Wie läßt sich nun dieses Pflichtgefühl erklären? Tatsache ist, daß wir unseren Vorfahren viel verdanken. Sie waren uns in mancher Hinsicht ein Vorbild, haben mehrheitlich den Familienamen mit Stolz und Pflichtbewußtsein getragen und in der Gesellschaft dessen Anerkennung - im weitesten Sinne des Wortes - oft erkämpfen müßen. Sie haben uns nicht nur Sachwerte vermacht, sondern auch - und ich meine vor allem! - Gesinnungswerte vererbt, die wir nicht leichtsinnig ausschlagen dürfen. Dazu gehören - gerade für uns Nachfahren der Glaubensflüchtlinge der Gegenreformation - die Anerkennung des christlichen Glaubens, aus dem unsere Familientradition schließlich hervorgeht; Einsatz und Bemühen um einen ehrbaren Lebenswandel; die Bereitschaft, mit bestimmten Aufgaben, in der Gesellschaft Verantwortung zu übernehmen und eine loyale Gesinnung gegenüber unserem Staatswesen. Letztlich haben wir das übergebene historische Erbe weiterzutragen, um dessen Fortbestehen zu gewährleisten. Zur Umsetzung dieser Verpflichtungen fallen dem eigenen Beispiel als Vorbild und der Erziehung eine herausragende Rolle zu. Im harten Existenzkampf bei rasch sich veränderndem politischem und sozialem Umfeld sind die Eltern besonders gefordert.
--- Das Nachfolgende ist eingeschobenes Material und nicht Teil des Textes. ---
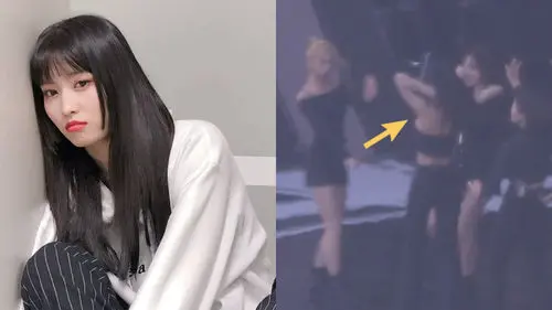 During the rehearsal of the group's latest title track 'FANCY' performance, MOMO got a problem with her stage outfit.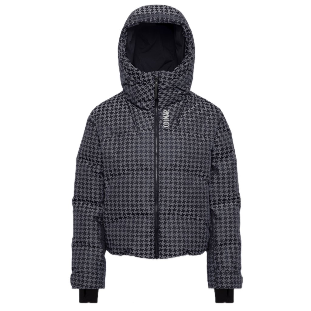 Táto krátka bunda s potlačou kohútieho vzoru a nepremokavou a priedušnou laminovanou tkaninou ponúka mimoriadne intenzívne teplo vďaka elastickej komfortnej podšívke s grafénovými vláknami a vysoko technickej vodoodpudivej páperovej výplni, ktoré zaručujú rovnomerné a optimálne udržanie tepla. Odev, ktorý kombinuje štýl a technickosť, je navrhnutý tak, aby spojil pôvab a funkčnosť na svahu a počas après ski.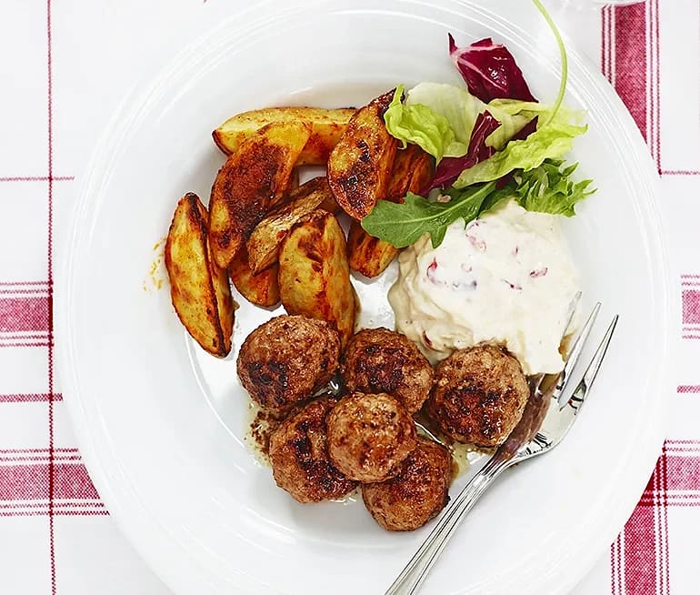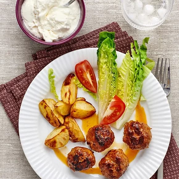 Köttbullar med äppelyoghurt och klyftpotatis

Bereits in der eigenen Familie gebe ich mir Rechenschaft, daß dieses Selbstverständnis bei weitem nicht von allen mitgetragen wird. Nicht jeder hat das Privileg, so traditionsgetreu erzogen worden zu sein, wie dies mir beschieden war. Einzelne weisen jeden neuzeitlichen Bezug zur Familiengeschichte weit von sich, in der Haltung: "Was soll das alles noch - in der heutigen Zeit? Das ist doch nur Schabernack und Arroganz!". Hie und da will mir auch scheinen, es könne dem einen und anderen gar hinderlich sein, den Namen "von Muralt" zu tragen. Aus der Verknüpfung der gesellschaftlichen Rahmenbedingung der Gegenwart mit der geschichtsträchtigen Vergangenheit des Geschlechts werden nämlich oft Erwartungen geweckt, denen nicht jeder entsprechen kann oder will.
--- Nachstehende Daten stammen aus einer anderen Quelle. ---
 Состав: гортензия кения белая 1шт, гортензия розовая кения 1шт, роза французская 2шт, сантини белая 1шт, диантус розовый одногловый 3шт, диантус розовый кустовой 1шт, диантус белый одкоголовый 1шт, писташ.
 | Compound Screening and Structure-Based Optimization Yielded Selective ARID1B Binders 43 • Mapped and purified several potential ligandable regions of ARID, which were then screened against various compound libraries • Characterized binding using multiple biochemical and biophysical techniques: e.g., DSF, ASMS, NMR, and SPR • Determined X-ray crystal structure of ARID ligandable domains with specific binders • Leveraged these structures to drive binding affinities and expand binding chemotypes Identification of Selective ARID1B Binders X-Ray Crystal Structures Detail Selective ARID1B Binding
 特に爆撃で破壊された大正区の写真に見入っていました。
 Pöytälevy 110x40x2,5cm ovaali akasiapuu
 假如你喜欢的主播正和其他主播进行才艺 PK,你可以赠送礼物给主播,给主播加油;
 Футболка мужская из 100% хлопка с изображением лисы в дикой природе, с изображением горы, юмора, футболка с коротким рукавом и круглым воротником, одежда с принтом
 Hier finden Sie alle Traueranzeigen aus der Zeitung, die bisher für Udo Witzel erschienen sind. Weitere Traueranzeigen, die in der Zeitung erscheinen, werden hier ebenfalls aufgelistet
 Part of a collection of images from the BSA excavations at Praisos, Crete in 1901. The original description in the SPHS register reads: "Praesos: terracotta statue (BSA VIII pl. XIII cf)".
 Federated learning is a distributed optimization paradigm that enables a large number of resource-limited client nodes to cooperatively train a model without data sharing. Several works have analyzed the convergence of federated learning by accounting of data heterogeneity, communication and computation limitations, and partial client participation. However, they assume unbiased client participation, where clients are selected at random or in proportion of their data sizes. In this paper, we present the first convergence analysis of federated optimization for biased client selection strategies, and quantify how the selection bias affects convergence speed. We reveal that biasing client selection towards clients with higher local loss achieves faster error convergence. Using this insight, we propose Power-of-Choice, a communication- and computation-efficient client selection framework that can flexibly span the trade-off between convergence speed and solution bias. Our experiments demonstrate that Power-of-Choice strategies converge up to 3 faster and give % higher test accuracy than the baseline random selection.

Die Frage nach Verantwortung und Pflicht können wir drehen wie wir wollen: an unserer Herkunft läßt sich nichts leugnen und nichts ändern. Aus lombardischem Uradel, aus dem Patriziat sowie der Regimentsfähigkeit des Standes Zürich und der Republik des Kantons Bern entstammend ist auch unser Geschlecht mit der Überlieferung historisch gewachsenen Erbes einer Lebenshaltung verpflichtet, die über das "Marktgängige" (wenn Sie mir diese Formulierung gestatten) hinausragt, und der wir uns nicht entziehen können. Mit Überheblichkeit und Snobismus hat dies gar nichts zu tun; es ist Mut zum Selbstverständnis: "Adel verpflichtet". An diesem Grundsatz werden wir beurteilt; kritischer wird bei uns der Maßstab angesetzt. Von der Schule an über den Militärdienst bis hin ins Berufsleben wird mehr von uns erwartet und auch mehr gefordert.
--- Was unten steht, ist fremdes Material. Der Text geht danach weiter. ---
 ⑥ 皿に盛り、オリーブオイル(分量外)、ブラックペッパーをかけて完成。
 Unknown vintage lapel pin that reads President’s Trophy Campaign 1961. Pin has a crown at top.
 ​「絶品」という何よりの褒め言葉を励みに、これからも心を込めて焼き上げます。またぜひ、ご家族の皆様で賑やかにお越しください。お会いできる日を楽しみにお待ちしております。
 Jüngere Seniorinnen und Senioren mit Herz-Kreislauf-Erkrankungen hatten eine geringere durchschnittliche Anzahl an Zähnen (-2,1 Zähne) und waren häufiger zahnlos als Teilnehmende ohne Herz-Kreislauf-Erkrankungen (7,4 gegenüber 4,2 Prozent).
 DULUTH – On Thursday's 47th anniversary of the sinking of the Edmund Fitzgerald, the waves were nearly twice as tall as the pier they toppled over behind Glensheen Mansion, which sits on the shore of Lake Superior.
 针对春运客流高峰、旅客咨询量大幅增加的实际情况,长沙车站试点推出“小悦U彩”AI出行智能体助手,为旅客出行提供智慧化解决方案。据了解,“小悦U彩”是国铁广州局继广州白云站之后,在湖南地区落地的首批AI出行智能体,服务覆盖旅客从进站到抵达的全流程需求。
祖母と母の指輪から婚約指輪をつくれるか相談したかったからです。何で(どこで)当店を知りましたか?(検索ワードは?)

Von den Privilegien vergangener Zeiten bleibt allein die Verpflichtung, sich aus Dankbarkeit und Anerkennung den Herausforderungen der neuzeitlichen - wenig wohlwollenden Gesellschaft vorbildlich und ohne Anspruch auf Erfolg zu stellen; treu der Devise: "Ich tue, was ich will; - doch ich will, was ich muß."